══ SUPPLIED DATA ══

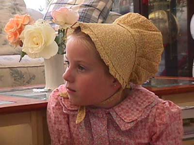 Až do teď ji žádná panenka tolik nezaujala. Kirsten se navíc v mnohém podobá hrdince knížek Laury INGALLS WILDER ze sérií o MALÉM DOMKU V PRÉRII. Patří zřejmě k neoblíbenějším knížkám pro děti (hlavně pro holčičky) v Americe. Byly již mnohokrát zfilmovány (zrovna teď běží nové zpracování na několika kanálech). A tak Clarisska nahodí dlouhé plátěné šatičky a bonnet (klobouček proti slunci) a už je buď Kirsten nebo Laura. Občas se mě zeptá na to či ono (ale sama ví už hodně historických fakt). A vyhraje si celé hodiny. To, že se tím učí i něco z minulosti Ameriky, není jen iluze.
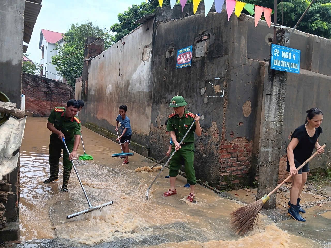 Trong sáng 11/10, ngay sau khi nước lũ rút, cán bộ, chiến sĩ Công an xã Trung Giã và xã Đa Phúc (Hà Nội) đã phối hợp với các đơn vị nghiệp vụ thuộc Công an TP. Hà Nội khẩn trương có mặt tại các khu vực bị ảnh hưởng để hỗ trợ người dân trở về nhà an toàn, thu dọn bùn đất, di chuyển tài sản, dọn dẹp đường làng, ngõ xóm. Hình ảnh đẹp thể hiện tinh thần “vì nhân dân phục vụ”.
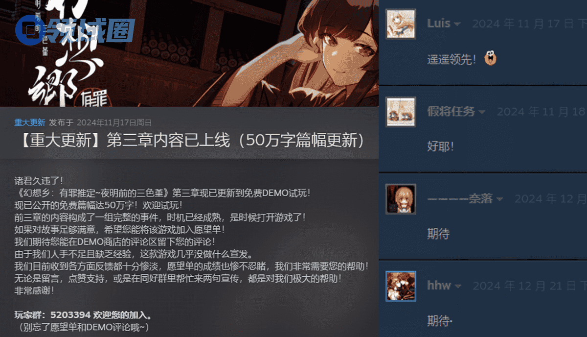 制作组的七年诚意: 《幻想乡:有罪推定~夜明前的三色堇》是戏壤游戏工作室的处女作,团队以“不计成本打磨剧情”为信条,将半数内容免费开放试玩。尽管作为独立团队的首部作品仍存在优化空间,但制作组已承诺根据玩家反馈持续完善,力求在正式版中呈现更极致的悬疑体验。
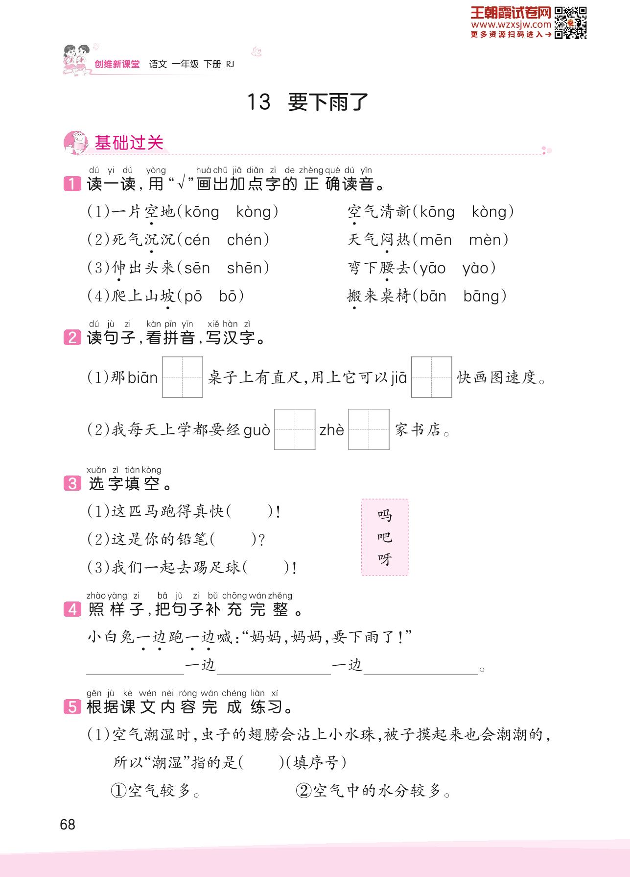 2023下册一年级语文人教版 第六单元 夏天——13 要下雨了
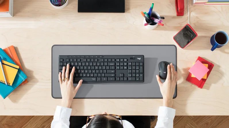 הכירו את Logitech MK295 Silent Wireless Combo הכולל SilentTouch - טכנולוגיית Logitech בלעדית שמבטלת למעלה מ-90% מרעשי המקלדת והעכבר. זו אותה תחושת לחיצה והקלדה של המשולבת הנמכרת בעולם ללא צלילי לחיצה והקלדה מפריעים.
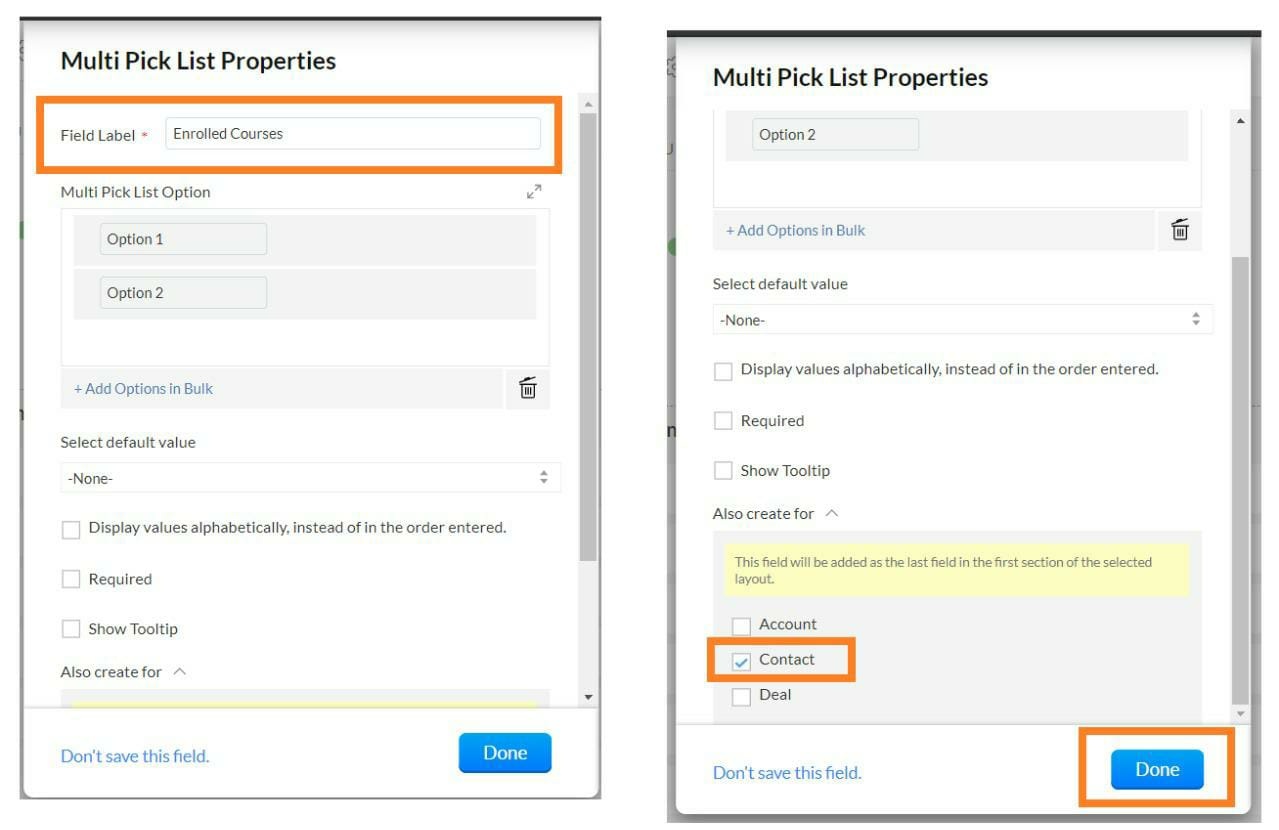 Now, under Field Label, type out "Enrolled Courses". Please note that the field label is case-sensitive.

═══

▶ _WHAT IS BEING ASKED_: Pictures are not part of the copy; transcribe the rest of the data verbatim.

▶ _RESULT OF THIS TASK_:
 Až do teď ji žádná panenka tolik nezaujala. Kirsten se navíc v mnohém podobá hrdince knížek Laury INGALLS WILDER ze sérií o MALÉM DOMKU V PRÉRII. Patří zřejmě k neoblíbenějším knížkám pro děti (hlavně pro holčičky) v Americe. Byly již mnohokrát zfilmovány (zrovna teď běží nové zpracování na několika kanálech). A tak Clarisska nahodí dlouhé plátěné šatičky a bonnet (klobouček proti slunci) a už je buď Kirsten nebo Laura. Občas se mě zeptá na to či ono (ale sama ví už hodně historických fakt). A vyhraje si celé hodiny. To, že se tím učí i něco z minulosti Ameriky, není jen iluze.
 Trong sáng 11/10, ngay sau khi nước lũ rút, cán bộ, chiến sĩ Công an xã Trung Giã và xã Đa Phúc (Hà Nội) đã phối hợp với các đơn vị nghiệp vụ thuộc Công an TP. Hà Nội khẩn trương có mặt tại các khu vực bị ảnh hưởng để hỗ trợ người dân trở về nhà an toàn, thu dọn bùn đất, di chuyển tài sản, dọn dẹp đường làng, ngõ xóm. Hình ảnh đẹp thể hiện tinh thần “vì nhân dân phục vụ”.
 制作组的七年诚意: 《幻想乡:有罪推定~夜明前的三色堇》是戏壤游戏工作室的处女作,团队以“不计成本打磨剧情”为信条,将半数内容免费开放试玩。尽管作为独立团队的首部作品仍存在优化空间,但制作组已承诺根据玩家反馈持续完善,力求在正式版中呈现更极致的悬疑体验。
 2023下册一年级语文人教版 第六单元 夏天——13 要下雨了
 הכירו את Logitech MK295 Silent Wireless Combo הכולל SilentTouch - טכנולוגיית Logitech בלעדית שמבטלת למעלה מ-90% מרעשי המקלדת והעכבר. זו אותה תחושת לחיצה והקלדה של המשולבת הנמכרת בעולם ללא צלילי לחיצה והקלדה מפריעים.
 Now, under Field Label, type out "Enrolled Courses". Please note that the field label is case-sensitive.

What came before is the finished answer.